Liebes Fernweh,
vor nicht allzu langer Zeit schrieben wir an dieser Stelle schon einmal über Dich. Damals haben wir geraten, Orten in unserer Gegend ausländische Namen zu geben, weil eine Reise nach „Casa della Saxiona“mehr nach Urlaub klingt als eine Fahrt nach Sachsenhausen.
Wieder und wieder hat man uns seither gedrängt, die Menschheit mit weiteren Tipps dieser Art zu versorgen, doch die Luft wurde sozusagen immer dünner. Wenn man nicht reisen darf, ist es eben schon sehr schwer, an exotische Ziele zu gelangen . . .

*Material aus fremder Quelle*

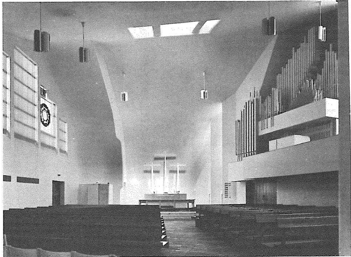
3. Aalto. Έκκλησία, Vuoksenniska, κοντά στην Imatra

Ή έφεση για μιά πολύπλοκη αρχιτεκτονική, μέ τίς άντιφάσεις πού τήν πλαισιώνουν, δέν είναι μονάχα άντίδραση στην πεζότητα ή μικρότητα τής τρέχουσας αρχιτεκτονικής.

Es sei denn, die exotischen Ziele kommen zu uns. Tatsächlich sorgte eine mediterrane Großwetterlage in der vorigen Woche dafür, dass sich eine erhebliche Menge Sahara auf den Weg in den Norden machte. Souverän ignorierte der feine Staub alle Reisewarnungen, überquerte ungetestet und ohne Quarantäne die Eu-außengrenzen und färbte unseren Himmel derart, dass man sich teils auf dem Mars wähnte. Dann ließ sich der Staub nieder, und zwar, wie man deutlich sehen konnte, bevorzugt auf unseren Autos.

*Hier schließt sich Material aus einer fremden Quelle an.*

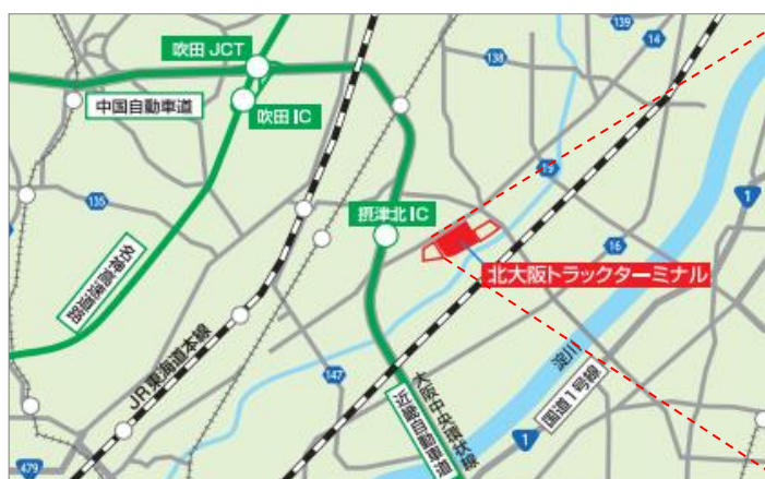
北大阪トラックターミナル位置図

Ja, im Frühjahr würde uns das ärgern, denn gelber Blütenstaub nervt auf der Karosse. Nun aber sollten wir begeistert sein: Es ist echter Saharastaub. Auf unseren Autos! Ein Dreck, den sonst nur Expeditionen durch Nordafrika auf ihren Autos haben! Man betrachtet, man staunt, man erlebt ein Hochgefühl: So viel Geld haben all die Großkopferten ausgegeben für ihre Sahara-touren, und jetzt habe ich genau den gleichen Dreck wie sie! Heißa!
So scheint es nun weiterzugehen: Die Flachlanddeutschen erlebten zuletzt auch ohne Reisen etwas Schneefall wie in den Alpen (worauf bei Piet und Dörte sofort die Welt unterging), und die kommenden Phänomene sind bestimmt nur eine Frage der Zeit: Kokosnusshagel im Heidenheimer Stadtwald, Quallenpest im Baggersee, aufdringliche Strandverkäufer im Freibad. Wenn wir nicht in den Urlaub kommen, dann kommt der Urlaub zu uns. Du wirst Dein blaues Wunder erleben, liebes Fernweh! Aber Du liest das ja eh wieder nicht.